D.C. ballot initiative would ban corporate contributions to political campaigns
The group D.C. Trust on Monday submitted more than 30,000 signatures to the D.C. Board of Elections in support of a ballot initiative seeking to prohibit corporations from making direct campaign donations to political candidates.
“D.C. residents want to see Initiative 70 on the ballot,” said Bryan Weaver, who filed the initiative with the Board of Elections earlier this year. “Our volunteers have gotten a tremendous response from residents across the city. It’s clear that D.C. residents are fed up with the pay-to-play culture in the Wilson Building and are tired of waiting for our elected officials to do the right thing.”
The D.C. Board of Elections and Ethics has 30-days to review the signatures.
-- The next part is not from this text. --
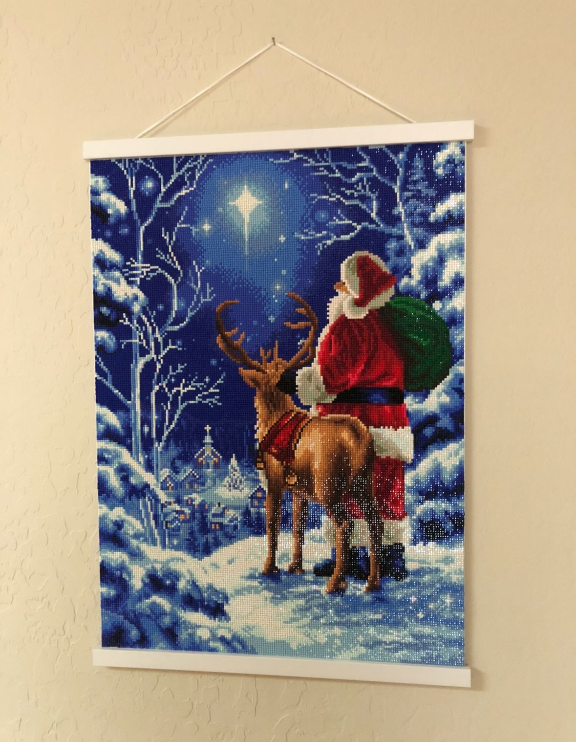 I loved working on this Santa.. I actually completed it in 2022 and every season pull it out to display. I put on a magnetic frame so I can easily roll it back up for storage… still bright and beautiful several years later

The activists need roughly 23,000 valid signatures for the initiative to appear on the November ballot.
Federal law has banned corporations from making campaign donations directly to federal candidates since the Tillman Act of 1907. Though the Supreme Court struck down a ban on corporate independent expenditures in its controversial 2010 Citizens United decision, it left the ban on direct campaign contributions intact.
In addition, 21 states prohibit corporations from making direct campaign donations to candidates.
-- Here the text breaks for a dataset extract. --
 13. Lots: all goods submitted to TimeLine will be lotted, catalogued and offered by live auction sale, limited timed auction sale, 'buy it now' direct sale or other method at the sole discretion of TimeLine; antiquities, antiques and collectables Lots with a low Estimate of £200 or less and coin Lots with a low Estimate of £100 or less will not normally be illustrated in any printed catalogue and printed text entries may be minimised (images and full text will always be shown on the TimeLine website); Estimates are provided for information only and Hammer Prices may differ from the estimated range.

Those who support the ballot initiative — including the Sierra Club, Public Citizen and Jews United for Justice — said it would “rout out legalized corruption” in D.C.
“Corporate campaign giving makes a mockery of spending limits, as bundling through subsidiaries and affiliates is used to breach the legal campaign cash limits,” explained Aquene Freechild, Senior Organizer, Public Citizen’s Democracy Is For People Campaign. “We are confident that with this measure on the ballot, District residents will make clear with their votes that they want to end the corporate corruption of our elections.”